Added OpenEntityStream method to PdfTextExtractor class.
Usage:
C#
// Create an extractor factory
var factory = new ExtractorFactory();
// Create an instance of PdfTextExtractor class
var extractor = new PdfTextExtractor(fileName);
// Iterate over all files in the portfolio
for (var i = 0; i < extractor.Entities.Count; i++)
{
// Print the name of a file
Console.WriteLine(extractor.Entities[i].Name);
// Open the stream of a file
using (var stream = extractor.Entities[i].OpenStream())
{
// Create the text extractor for a file
var entityExtractor = factory.CreateTextExtractor(stream);
// If a media type is supported
if (entityExtractor != null) try
{
// Print the content of a file
Console.WriteLine(entityExtractor.ExtractAll());
}
finally
{
entityExtractor.Dispose();
}
}
Extract a text from attachments for email format (using IContainer Interface)
This feature allows to work with an email text extractor as a container.
Public API changes
Added IContainer interface.
Added OpenEntityStream method to Container class.
Added Entities property to EmailTextExtractorBase class.

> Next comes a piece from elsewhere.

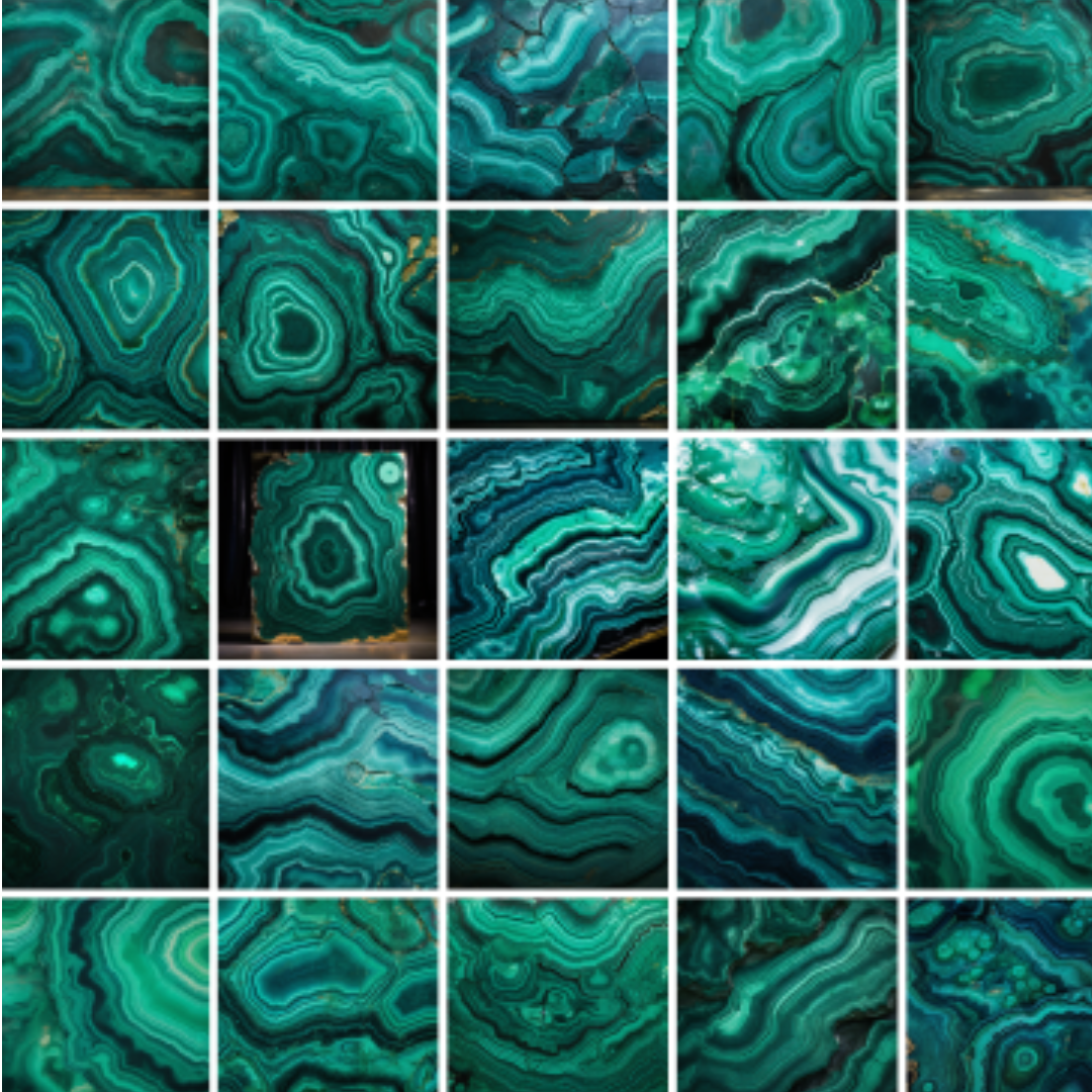 世界でひとつのオリジナル石模様、デジタルストーン生成サービスは、最新のAIテクノロジーで、多様なインクルージョンをもつ石模様を作成できます。たとえば、マラカイトひとつでこれだけの石模様。さらに特定の色を入れるなどのカスタマイズほか、パーソナライズなインテリアデザイン体験も提供します。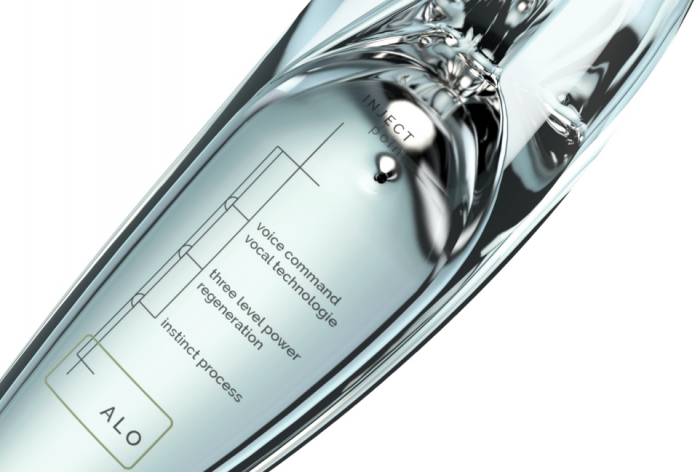 В прозрачном корпусе из натуральных материалов заключена «начинка» из алюминиевого сплава, что делает устройство легким и прочным. Эластичное внешнее покрытие позволяет смартфону адаптироваться к руке владельца. При этом у Alo нет привычного экрана: предполагается, что он управляется голосовыми командами, а медиаконтент воспроизводится в виде 3D-голограмм.

Added OpenEntityStream method to EmailTextExtractorBase class.
Usage:
C#
// Create an extractor factory
var factory = new ExtractorFactory();
// Create an instance of EmailTextExtractor class
var extractor = new EmailTextExtractor(fileName);
// Iterate over all attachments in the message
for (var i = 0; i < extractor.Entities.Count; i++)
{
// Print the name of an attachment
Console.WriteLine(extractor.Entities[i].Name);
// Open the stream of an attachment
using (var stream = extractor.Entities[i].OpenStream())
{
// Create the text extractor for an attachment
var attachmentExtractor = factory.CreateTextExtractor(stream);
// If a media type is supported
if (attachmentExtractor != null) try
{
// Print the content of an attachment
Console.WriteLine(attachmentExtractor.ExtractAll());
}
finally
{
attachmentExtractor.Dispose();
}
}
Implement the support for DOT files
This feature allows to extract a formatted and a raw text from .DOT files.
Public API changes
None
Usage:
C#
// Create an instance of WordsTextExtractor class
using (var extractor = new WordsTextExtractor("sample.dot"))
{
// Extract a text
Console.WriteLine(extractor.ExtractAll());
}
Implement IPageTextExtractor interface
This feature allows to work with document’s pages in the same way for all supported documents.
Public API changes
Added IPageTextExtractor interface.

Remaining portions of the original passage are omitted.